Digital revenues — which include reader contributions and online advertising income — grew 15% to £108.6m, as income from the print newspaper and events business fell by 10% to £107.5m.

Could it be that — shock horror — focusing on quality rather than vapid clickbait is the sustainable business model journalism was looking for all along?

What is this thing called design?

I got out of bed and, in roughly an hour, hammered out a kind of primer on UX/UI design, which I’m publishing below. It’s a very unformed, rambly screed that I won’t pretend is at all definitive or even fully accurate.
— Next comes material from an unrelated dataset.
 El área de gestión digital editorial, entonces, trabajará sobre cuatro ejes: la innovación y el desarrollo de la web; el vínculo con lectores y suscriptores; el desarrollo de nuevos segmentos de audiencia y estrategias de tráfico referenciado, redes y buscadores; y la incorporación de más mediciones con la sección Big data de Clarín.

In fact it’s still basically a first draft; I literally typed it out in bullet point form, as shown below, a trick I used in order to absolve myself of the responsibility of writing a fully articulated essay.
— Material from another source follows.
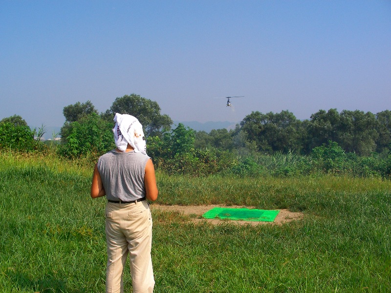 先日の日曜日、朝からかなり蒸し暑く感じた日でしたがそそくさと飛行場へ直行。すでにYさんが飛ばされており、ほぼ同時にI戸さんもお見えになってました。先日HOLDに失敗したOSスカディーは修理中にスピンドルへ咬ませるカラーを無くしてしまったことが判明、修理完了できなかったためYSスカディーのみの出動です。雲は少しあるものの、日差しはかなりきつめです。紫外線指数は7程度、ビーチパラソルの下で1程度でした。この日は帽子を忘れてしまったのでタオルを帽子代わりに使いましたが、やはり帽子は必須アイテムですね。
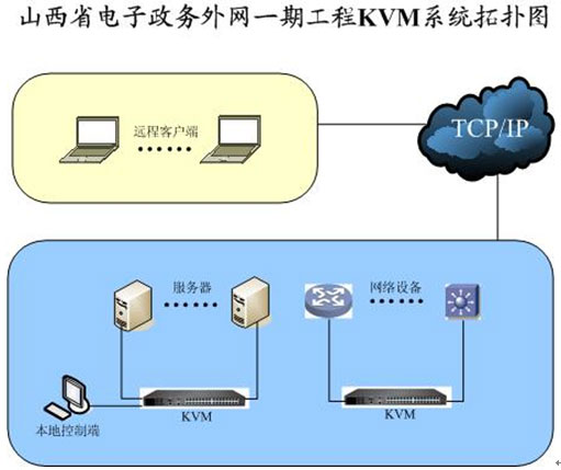 為了提高系統(tǒng)運(yùn)行維護(hù)管理水平,減少人員頻繁進(jìn)出機(jī)房,減少鍵盤、鼠標(biāo)顯示器的數(shù)量,體現(xiàn)節(jié)能和環(huán)保的要求,曙光配備了高性能的KVM機(jī)房設(shè)備。通過KVM設(shè)備使機(jī)房所有的設(shè)備都可以到網(wǎng)絡(luò)/環(huán)境監(jiān)控中心進(jìn)行管理和配置,實現(xiàn)遠(yuǎn)程監(jiān)控。綜合考慮KVM系統(tǒng)需求,拓?fù)浣Y(jié)構(gòu)如下:

Despite Khoi Vinh’s self-deprecation here, I think this is an excellent attempt at explaining what design is. For those who are frustrated about having to explain that design isn’t (just) about making things pretty, this blog post provides an excellent introduction to why — as well as helpfully explaining why this perception exists in the first place. Not bad for an hour’s work.

Do British cities have grid systems? We used science to find out

A neat way of visualising how closely a city layout relates to a grid.
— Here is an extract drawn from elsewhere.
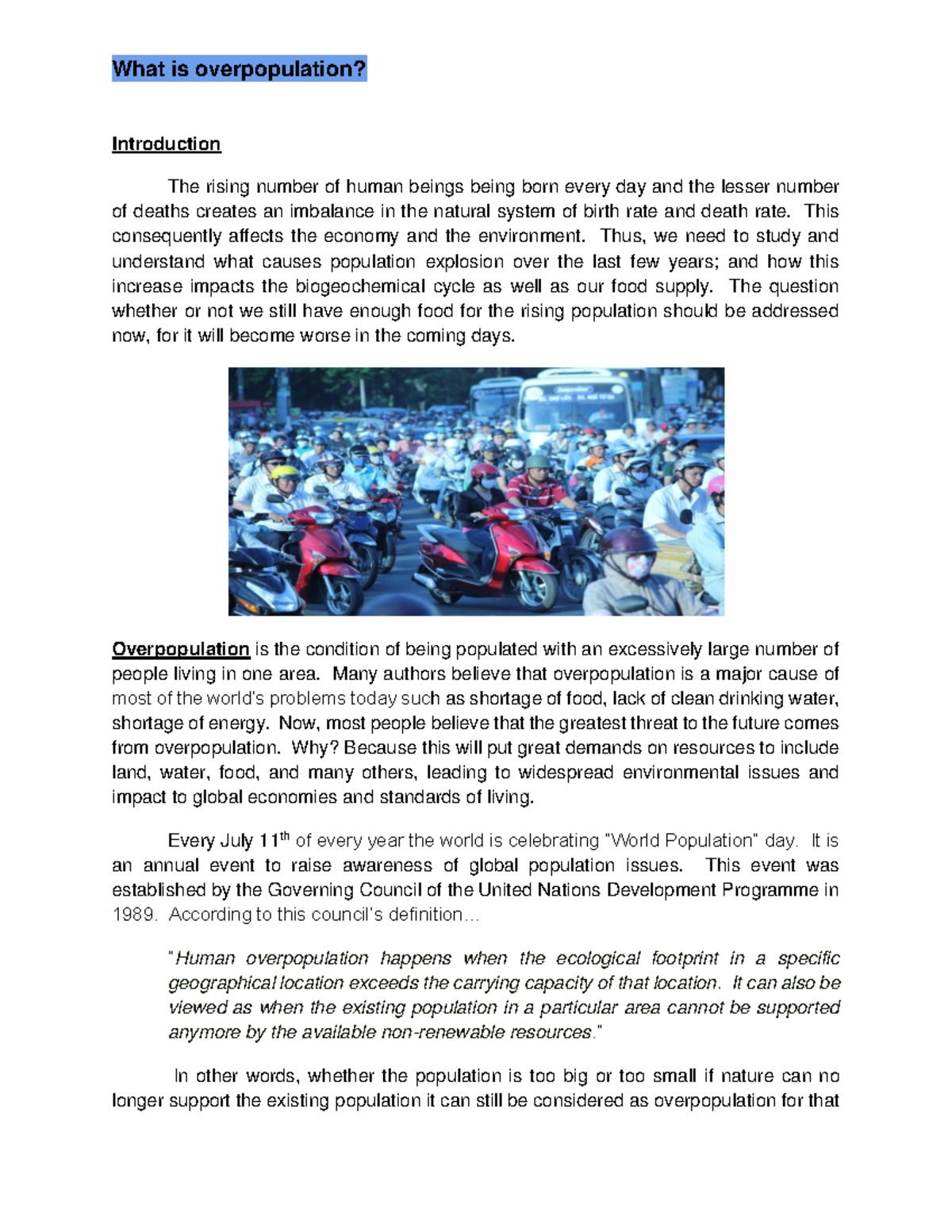 Population Explosion and Carrying Capacity - Introduction The rising ...

Includes the revelation that Milton Keynes isn’t actually as grid-like as you might think.

The designers decided that the grid concept should apply but should be a lazy grid following the flow of land, its valleys, its ebbs and flows. That would be nicer to look at, more economical and efficient to build, and would sit more beautifully as a landscape intervention.

Four modes of seeking information and how to design for them

This is an old article, but some good brain food for those information architects out there. A good primer on some different ways people try to find content.

In my work on intranets and complex websites, I noticed a range of situations where people didn’t necessarily know what they needed to know. Additionally, when I opened my browser history to look for examples from recently-visited sites, I noticed that the majority of my own time was spent trying to find things that I had already discovered. These two modes didn’t fit into the concepts of known-item and exploratory information seeking. I call these “don’t know what you need to know” and re-finding.

I spent a while letting this rattle around my head, talking with IAs and designers, and realized that most only thought in terms of known-item searching. When discussing the other types of tasks, they’d ask with a horrified look, “So how do you design for that?”

Thermostats, locks and lights: digital tools of domestic abuse

How smart devices are being used by perpetrators of domestic abuse.

We are becoming increasingly aware of some of the darker side of technology. Perhaps this is a challenge to designers and technologists — to ensure that their products can’t be used in this sort of way.

The people who called into the help hotlines and domestic violence shelters said they felt as if they were going crazy.

One woman had turned on her air-conditioner, but said it then switched off without her touching it. Another said the code numbers of the digital lock at her front door changed every day and she could not figure out why. Still another told an abuse help line that she kept hearing the doorbell ring, but no one was there.